Those setups can ship kernel headers as they do today. Or a
tmpfs-based approach may be workable.

> The bottom line is that in the end there is no difference between making
> this an archive of some sort and a module, except that to use the module
> you need privilege that you otherwise may not need. If your argument is
> that someone may not be providing the whole set of items provided by
> "make modules_install", what is there to say that they would include
> your specific module?
>
> Here are some better ways of implementation I can see:
>
> 1. Include an archive in "make modules_install". Most trivial; no kernel
> changes at all.

No. See above.

> 2. Generalize the initramfs code to be able to create a pre-populated
> tmpfs at any time, that can be populated from an archive provided by
> the firmware loading mechanism; like all firmware allows it to either
> be built in or fetched from the filesystem.
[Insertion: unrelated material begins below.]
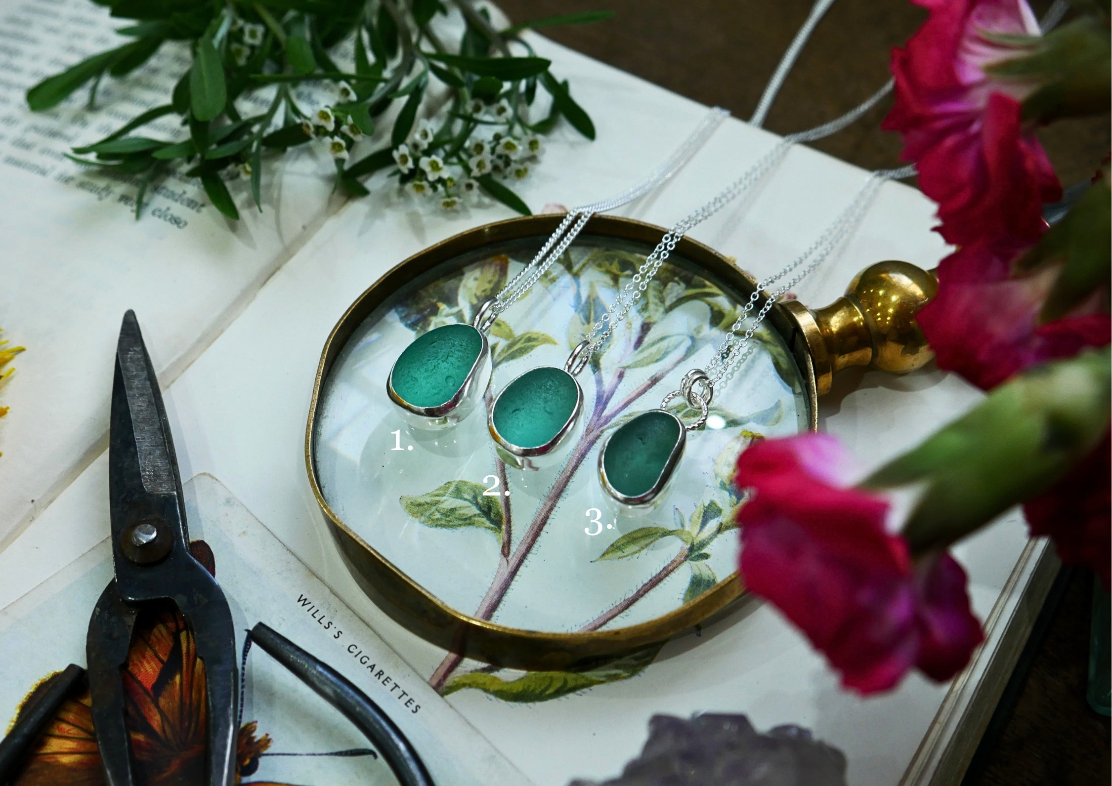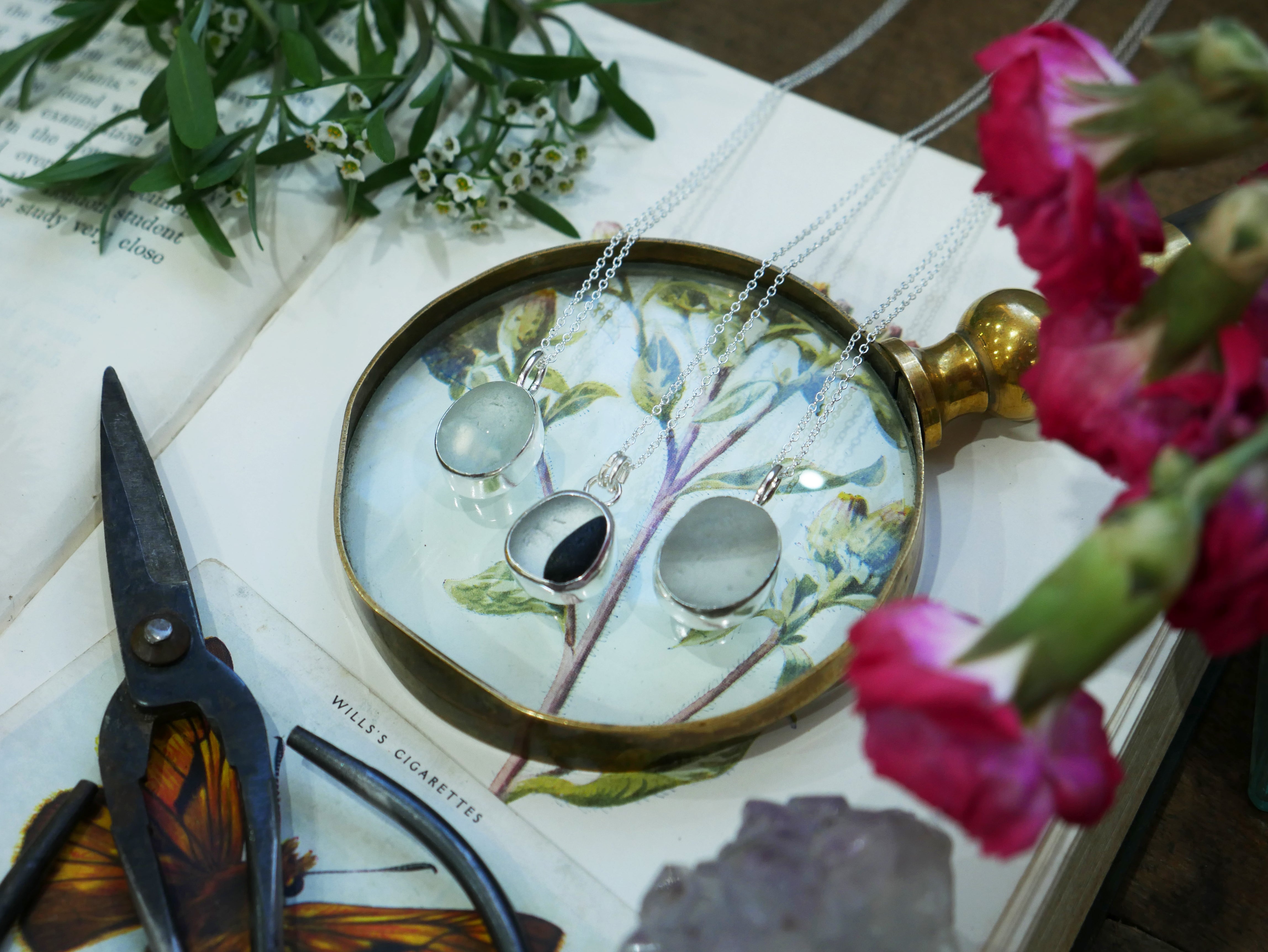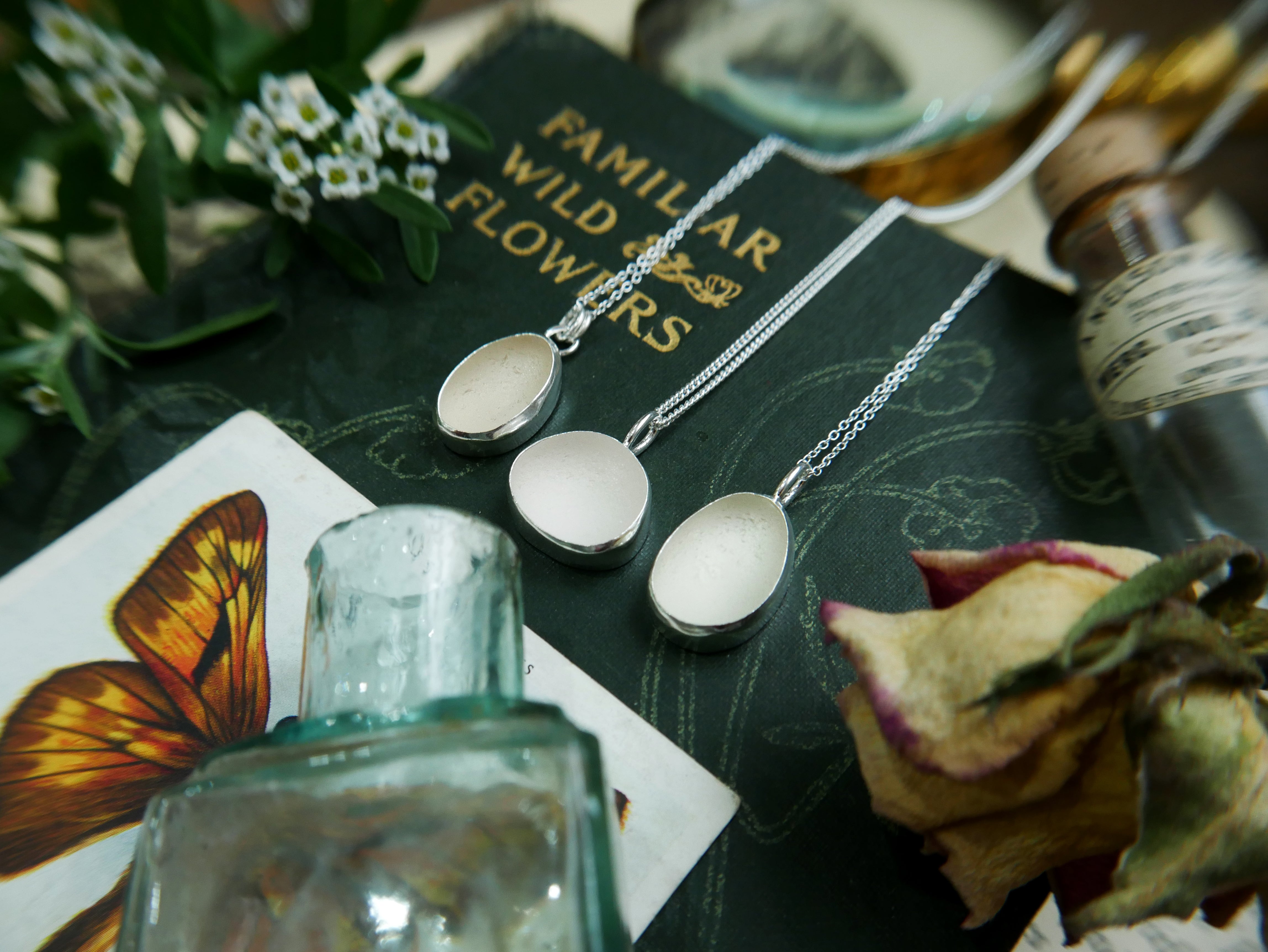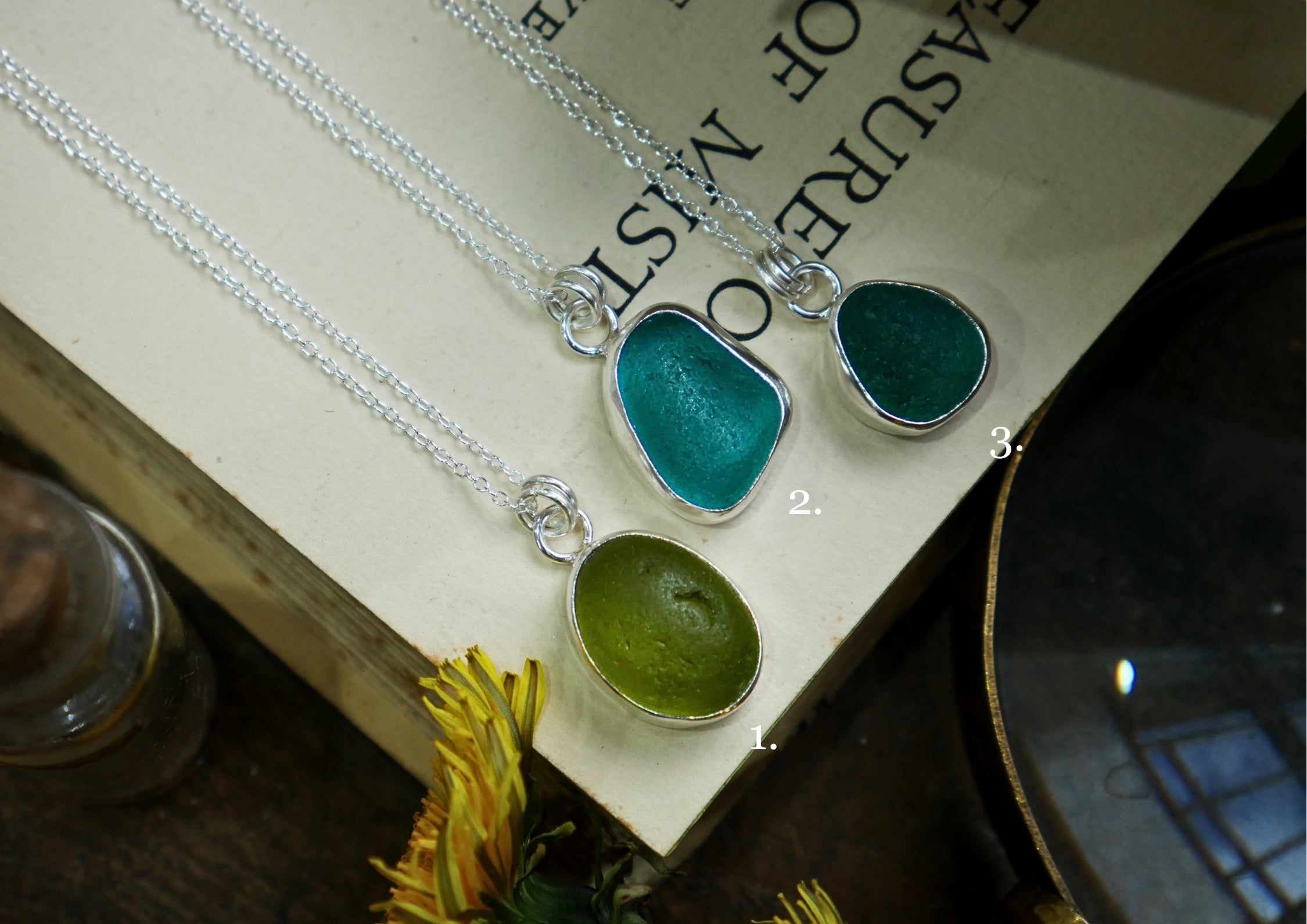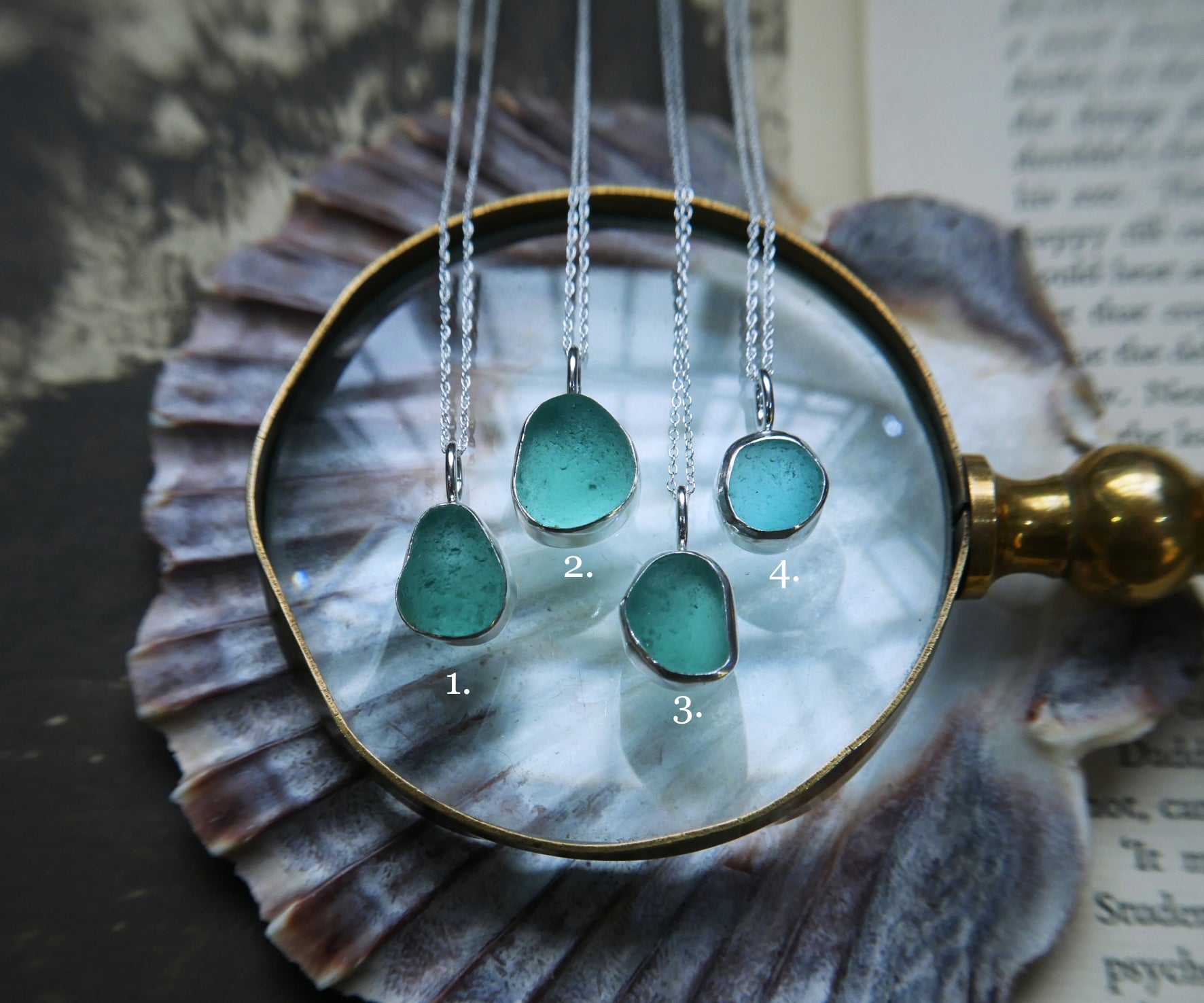 Each of our classic sea glass necklaces are completely unique and come in a wide variety of shapes and colours, all of which have been hand collected and found on shores all over Scotland by us. 100% hand crafted in beautiful, bright sterling silver in our Glasgow shop.

This allows it to be
> built in to the kernel image if that becomes necessary; using tmpfs
> means that it can be pushed out to swap rather than permanently
> stored in kernel memory, and this filesystem can be unmounted freeing
> its memory.

Backing the blob storage with tmpfs is a reasonable tweak to Joel's
existing model. We can mark the header blob discardable and memcpy it
into some tmpfs-backed storage. This way, it can swap, and you can
release the memory with rm(1) as well as unmount. You might as well
expose the facility as a new just-like-tmpfs filesystem that init
scripts can mount anywhere --- once. Making the thing a firmware blob
sounds fine too, although I know less about that subsystem. But
blocking this work as a whole in favor of some yet-to-be-designed
general-purpose initramfs-tmpfs conversion thingamajig really is
perfect-is-the-enemy-of-the-good-ism, and I don't think tmpfs storage
is necessary for the initial version of this work.

> 3. Use a squashfs image instead of an archive.

Why?